Depois da divulgação de resultados do segundo trimestre da rede Raia Drogasil, os principais bancos, plataformas e casas de análise foram quase unânimes em dizer que a companhia apresentou ótimos dados no e-commerce, que respondeu por 8,9% da receita bruta de R$ 6,24 bilhões. Essa, entretanto, é só a ponta de um enorme iceberg em que a RD está sentada.
Desde o ano passado, a companhia vem trabalhando para se transformar em muito mais do que uma varejista do setor farmacêutico. A meta é clara: criar um ecossistema de saúde que deve fazer com que seu mercado endereçável saia de R$ 150 bilhões para mais de R$ 400 bilhões. E isso ganhou contornos reais com o lançamento da plataforma Vitat, em junho.
“A nossa estratégia tem três pilares. O primeiro é acreditar que há espaço para uma nova farmácia cada vez mais omnichannel, o segundo é o marketplace e o terceiro é um hub que ligue tudo isso”, diz Marcilio Pousada, CEO da Raia Drogasil, ao NeoFeed. A Vitat, coordenada pelo vice-presidente de negócios de saúde da RD, Bruno Pipponzi, é a peça central nesse negócio.
A plataforma, que conta com pouco mais de 15 mil usuários e ainda é vista como uma startup validando processos dentro da companhia, pode significar uma virada de chave para a empresa. Não é exagero. Tanto que, nos últimos dois anos, a RD, que abre uma média de 240 lojas por ano, num investimento milionário, tem, segundo Pousada, aportado mais dinheiro em tecnologia do que na expansão física.
A Vitat, guardadas as devidas proporções, pode fazer com que a RD ganhe um protagonismo na saúde que a Magalu ganhou no varejo e na bolsa de valores. E Pousada sabe do canhão que tem em mãos. Primeiro, uma rede física com 2.374 lojas que deve chegar a 2.700 no fim de 2022. Em segundo lugar, uma marca forte no setor de saúde. E, por último, um avanço crescente nas vendas digitais.

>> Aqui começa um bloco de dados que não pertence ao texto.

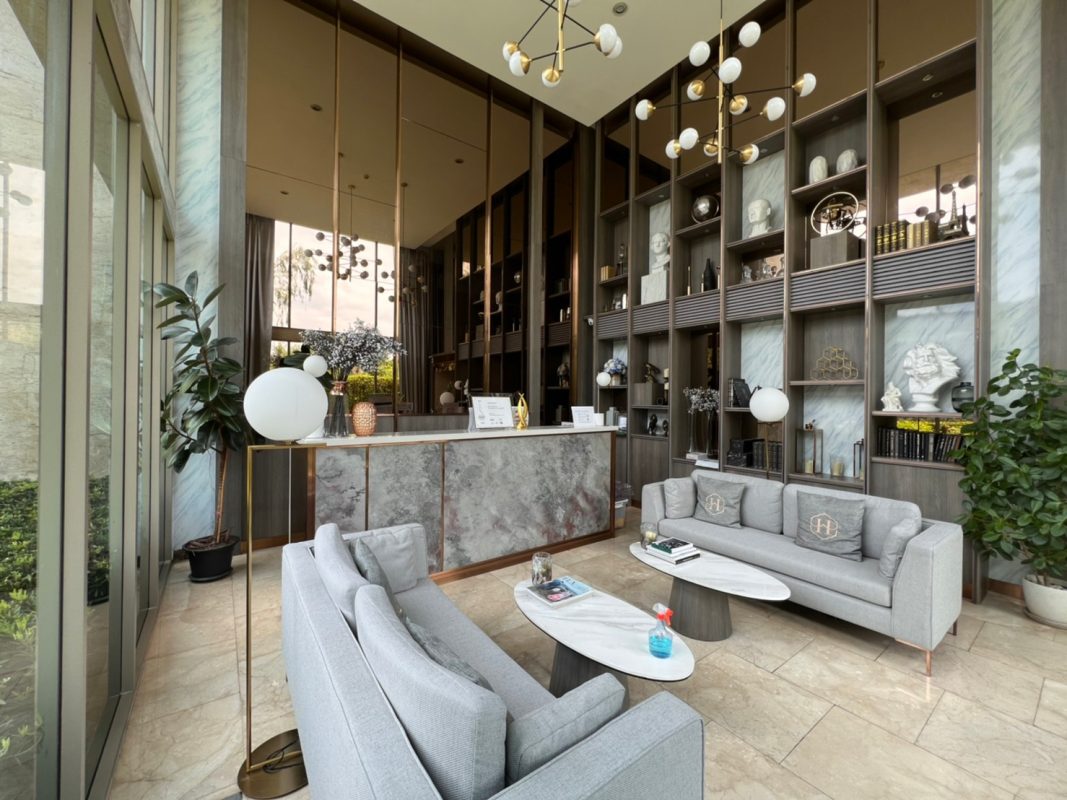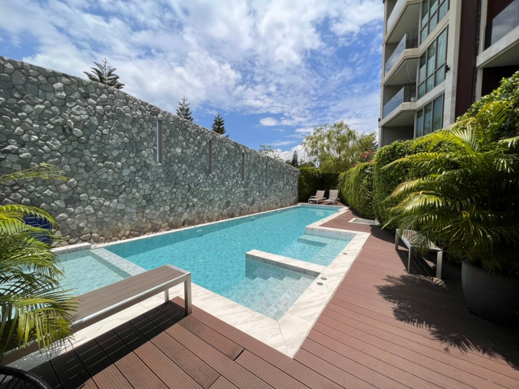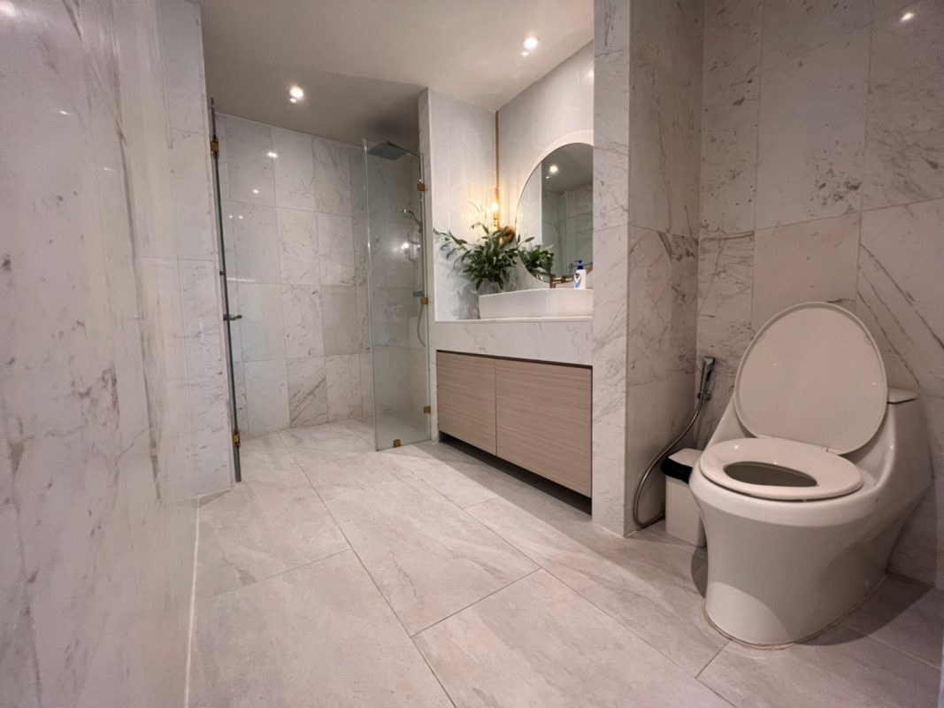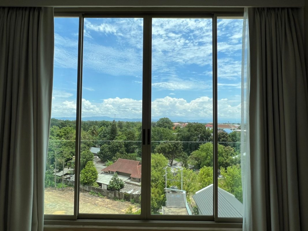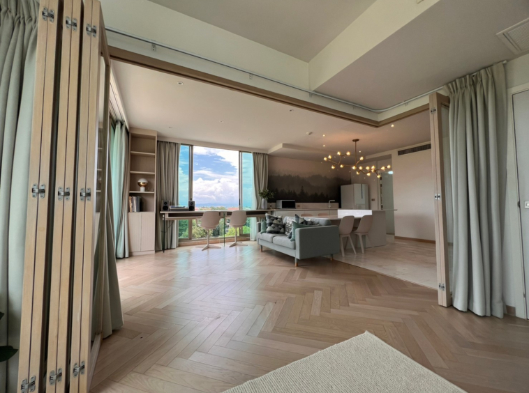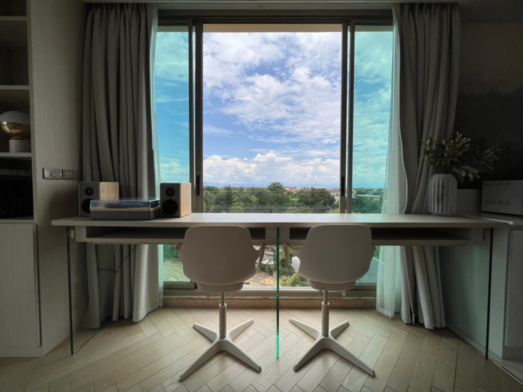 To the right, there is the master bedroom, ensuite with a walking closet and access to the terrace with a view of the mountain. The unit is well furnished with high-quality furniture and fittings as well as lighting. The project offers to park, swimming pool, fitness room, beautiful garden and a rooftop garden where one can enjoy a sundowner with a view of Doi Suthep mountain and mini golf.
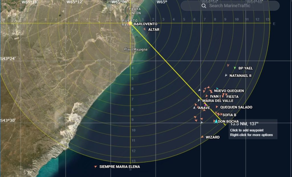 La flota amarilla se encuentra pescando a no más de 13.5 millas al Sudeste de Rawson sobre una marca que todos los años llega a esas costas generando por sobre todo trabajo y desarrollo para el complejo langostinero de Chubut.
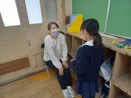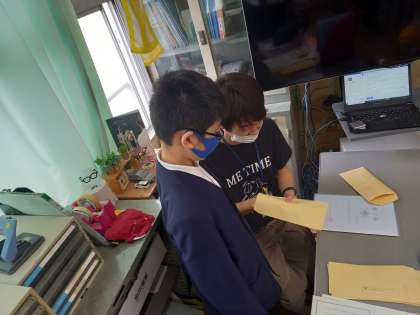 担任の先生から児童一人ずつに頑張ったことや取り組んでほしいことを話してから通知表を児童に渡していました。

“O negócio digital foi multiplicado por oito desde 2019”, diz Pousada. “Somos disparados o maior e-commerce do varejo farmacêutico do Brasil. Mais de 12 milhões de clientes já baixaram o nosso aplicativo.” Fora isso, a área de atendimento presencial, nas farmácias, avançou muito, sobretudo com o surgimento da Covid-19.
“Já realizamos 3 milhões de testes de covid-19. Fizemos tantos testes que, em algum momento durante a pandemia, chegamos a ter 7% do mercado de laboratórios do Brasil”, afirma Pousada. Em aplicações de injeções e vacinas, são mais de 90 mil por mês.
Alexandre Machado, head da consultoria da Gouvêa Consulting, afirma que o setor de varejo farmacêutico estava muito distante da realidade dos negócios digitais. Mas, aos poucos, foi mudando esse cenário. A entrada da Raia Drogasil no mercado de marketplace é um desses indícios. “A RD larga na frente porque tem recorrência, escala e capilaridade”, diz Machado.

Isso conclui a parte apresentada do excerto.